After my last project (walnut jewelry box) I really wanted to make this out of walnut, but the plywood ran a bit much for the current budget. I 'needed' to find a place for a large TV I got from my father-in-law (I traded my old Ryobi TS for it) and decided to make my own. Nothing fancy about the wood, just plywood for the frame, pine for the face frame and door frames, MDF for the raised panels (heavy but cheap and flat).

I got a Craftsman rail-stile bit for Christmas- the joints aren't perfect but they work. The raised panels I made on the TS. The bottom box has holes for adjustable shelves (a great router jig I learned from here) but I haven't put any in yet. The area above the TV also has an adjustable shelf.

The hardware is from Rockler including the wrap around doors. Pocket doors would have blown the budget as well.

The finish is flat black paint on top of white primer. I distressed some of the edges and profiles, and then coated it with poly. We wanted a well-worn appearance, I don't know how it shows up in the pics. I learned it is now time for a paint spray gun...

Like everything else I do now I designed it in Google Sketchup and provided some pics from there as well. We like it.


----------



## bobj3 (Jan 17, 2006)

Hi rprice

You did a very nice JOB  
Now you can pull up a chair and watch a TV show or two and take a break, that's alot work I know. 


Bj


----------



## Dr.Zook (Sep 10, 2004)

*Fine looking center.*

Fine looking from where I'm sitting rprice. Just as nice as the jewerly box. Keep up the great work. Is the son still enjoying the boat bed?

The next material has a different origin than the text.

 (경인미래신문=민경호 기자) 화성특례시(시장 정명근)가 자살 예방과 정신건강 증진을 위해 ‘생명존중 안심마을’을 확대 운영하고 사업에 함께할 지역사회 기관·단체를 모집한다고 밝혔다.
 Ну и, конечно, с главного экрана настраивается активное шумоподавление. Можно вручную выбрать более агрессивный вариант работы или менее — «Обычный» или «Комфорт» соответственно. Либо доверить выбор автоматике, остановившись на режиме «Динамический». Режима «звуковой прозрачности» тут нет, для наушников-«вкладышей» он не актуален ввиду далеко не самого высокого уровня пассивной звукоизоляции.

Or is he ready for a yacht now?


----------



## Joe Lyddon (Sep 11, 2004)

rprice54,

Nice job!!

I like those wrap-around doors... you can barely see them against the side!!
I will look on Rockler for the hinges (I guess that is what you used)... in the mean time, a link to what you used would be nice.

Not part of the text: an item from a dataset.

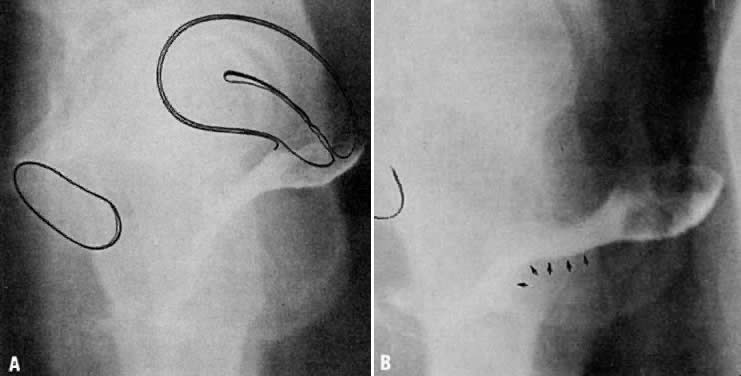 There are two arcus tendinei on each side of the pelvis. The arcus tendineus of the levator ani runs from the back of the pubis to the ischial spine (Fig. 4). Medial to this is the arcus tendineus of the endopelvic connective tissue. Although there is individual variation in the distance between these two arci at their origin and lateral extent, they come together at the ischial spine. There is a connective tissue bundle running between the anterior vaginal sulcus and the arcus tendineus (Fig. 5 and Fig. 6). The urethra is held in place by two systems. It is suspended by the urogenital diaphragm and its attachment to the pubis, and supported by the connective tissue attachment between the anterior sulcus and the arcus tendineus (Fig. 7). A hypermobile urethra may be surgically remedied either by suspension or by support or by both, depending on the site of primary damage that permitted the hypermobility. |

Thank you for sharing! As long as it works & does what you want it to, is the main thing.

C O O L...


----------



## challagan (Feb 7, 2006)

Excellent work for sure, I like it! 

Corey


----------



## harrysin (Jan 15, 2007)

rprice54 (that doesn't quite roll off the tongue) a very nice looking job, what a pity that you didn't do a photo-shoot during the making.


----------



## rprice54 (Jan 1, 2006)

RE: Boatbed- actually, I'm getting ready to make bed #2 for boy #2. Luckily I kept my hardboard templates and extra large circle cutting jig for the front and headboard... That's been one of my most rewarding projects so far.

Re: hinges- http://www.rockler.com/product.cfm?page=259&filter=270 hinge

To be honest, the hardest part was finishing it. The construction is pretty simple, square pieces of ply with some dados and rabbets. The doors were a lot more work, but a good learning experience. Beats paying $1700 for a similar piece in a furniture magazine we get.


----------



## Rolf Maxa (Feb 8, 2005)

Great jon on the entertainment center. How do you like Google Sketchup. I was thinking of download the free version.
Rolf


----------



## rprice54 (Jan 1, 2006)

I love it. It makes planning, machining, and assembly so much easier. I can 'build' it piece by piece and it helps me think through the joints, order of assembly, and can give you measurements based off other pieces.

When I was making the boatbed I knew the dimensions of the frame the triangular drawers would sit in, and sketchup told me the exact angles and the dimensions I needed. My trig and geometry have long passed me by...

Plus you get a good visual feel for the overall look and balance of the item you're building.

I like it because I design all my ideas based off of my own ideas and pictures. I haven't used any commercial plans yet- not that I wouldn't if I found something that fit the bill.


----------



## Kevin (Sep 6, 2004)

I really like the what way the final product looks. Really nice job rprice54.


----------